Up to the twelfth century, fires were simply made in the middle of a home by a hypocaust, or with braziers, or by fires on the hearth with smoke vented out through the lantern in the roof. As time went on, the placement of fireplaces moved to the wall, incorporating chimneys to vent the smoke. This permitted the design of a very elaborate, rich, architectural focal point for a grand room.

At a later date, in consequence of the greater width of the fireplace, flat or segmental arches were thrown across and constructed with archivolt, sometimes joggled, with the thrust of the arch being resisted by bars of iron at the back.

In domestic work of the fourteenth century, the chimneypiece was greatly increased in order to allow of the members of the family sitting on either side of the fire on the hearth, and in these cases great beams of timber were employed to carry the hood; in such cases the fireplace was so deeply recessed as to become externally an important architectural feature, as at Haddon Hall. The largest chimneypiece existing is in the great hall of the Palais des Comtes at Poitiers, which is nearly 30 ft wide, having two intermediate supports to carry the hood; the stone flues are carried up between the tracery of an immense window above.
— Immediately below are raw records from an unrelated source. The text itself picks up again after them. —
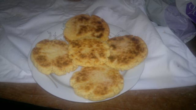 Faire chauffer une poêle, saupoudrer de la semoule façonner des petites boules, les aplatir a l'aide d'un emporte pièce pour obtenir un cercle de 1 cm d'épaisseur , laisser cuire sur feu doux jusqu'à ce qu'il soit doré en dessous, retourner de l'autre côtés à l'aide d'un couvercle et laisser dorer.
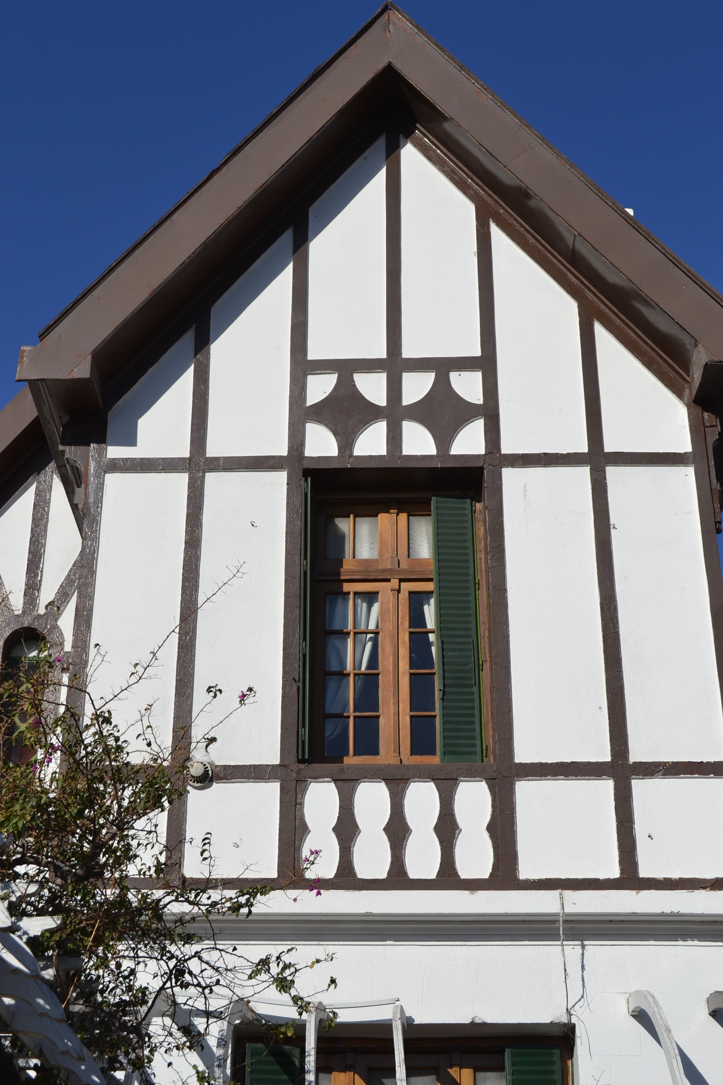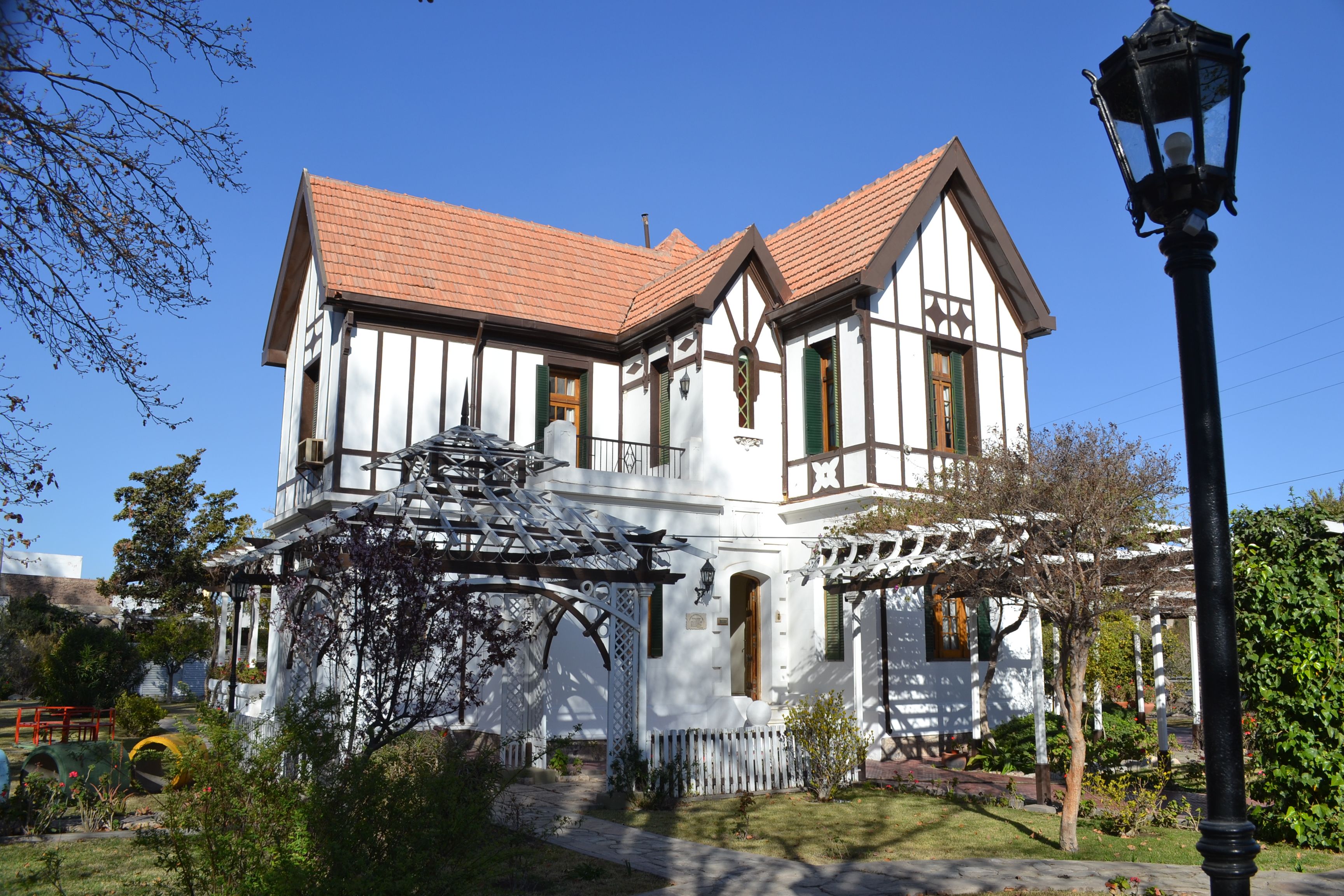 "Salí a recorrer la ciudad, me propuse develar historias que ella me quiera mostrar. Paseando por la zona de Trinidad e ingresando a la ciudad por calle General Acha al sur; al llegar a Avda. de Circunvalación, me apodera la admiración, una obra arquitectónica solemne, cuenta el Arq. Jorge Cocinero Raed. Una gran casona blanca resplandeciente de dos pisos, con sus columnas y vigas de madera oscuras y a la vista, sus tejados muy empinados, dejan traslucir la majestuosidad imperante de una obra arquitectónica en la zona. Se trata del Chalet de la Familia "González Rodríguez’. Sus cualidades, propias de un período, trata de mostrar la riqueza formal de un estilo medieval que se genera en Inglaterra. El chalet está impregnado de "estilo Tudor’, cuyas raíces están en la Dinastía Tudor que gobernó en Inglaterra en el período comprendido entre 1485 y 1603. El modelo de casona, era muy usado en las aldeas rurales, por los grupos sociales más adinerados de ese período.
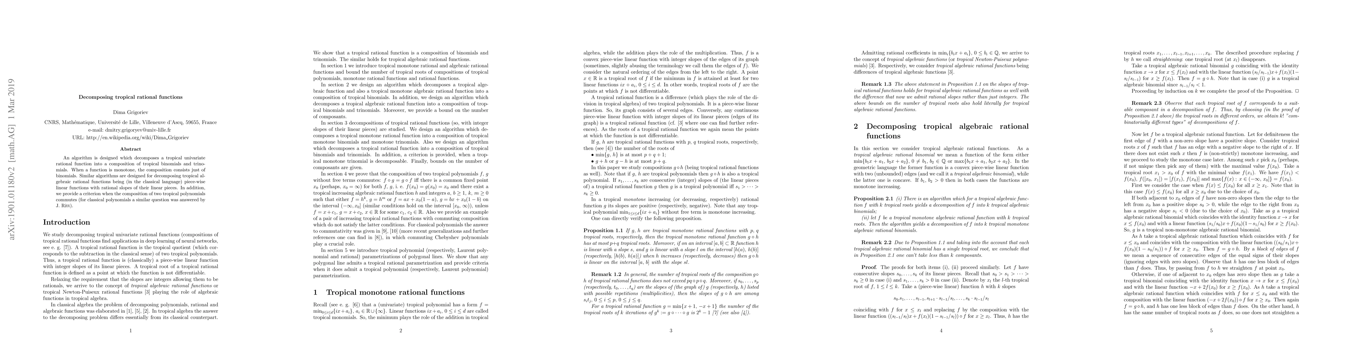 An algorithm is designed which decomposes a tropical univariate rational function into a composition of tropical binomials and trinomials. When a function is monotone, the composition consists just of binomials. Similar algorithms are designed for decomposing tropical algebraic rational functions being (in the classical language) piece-wise linear functions with rational slopes of their linear pieces. In addition, we provide a criterion when the composition of two tropical polynomials commutes (for classical polynomials a similar question was answered by J.~Ritt).

The history of carved mantels is a fundamental element in the history of Western art. Every element of European sculpture can be seen on great mantels. Many of the historically noted sculptors of the past, i.e., Augustus St. Gaudens, designed and carved magnificent mantels, some of which can be found on display in the world's great museums. Exactly as the facade of a building is distinguished by its design, proportion, and detail so it is with fine mantels. The attention to carved detail is what defines a great mantel.

===Today===

Modern wooden fireplace mantel in a suburban American home.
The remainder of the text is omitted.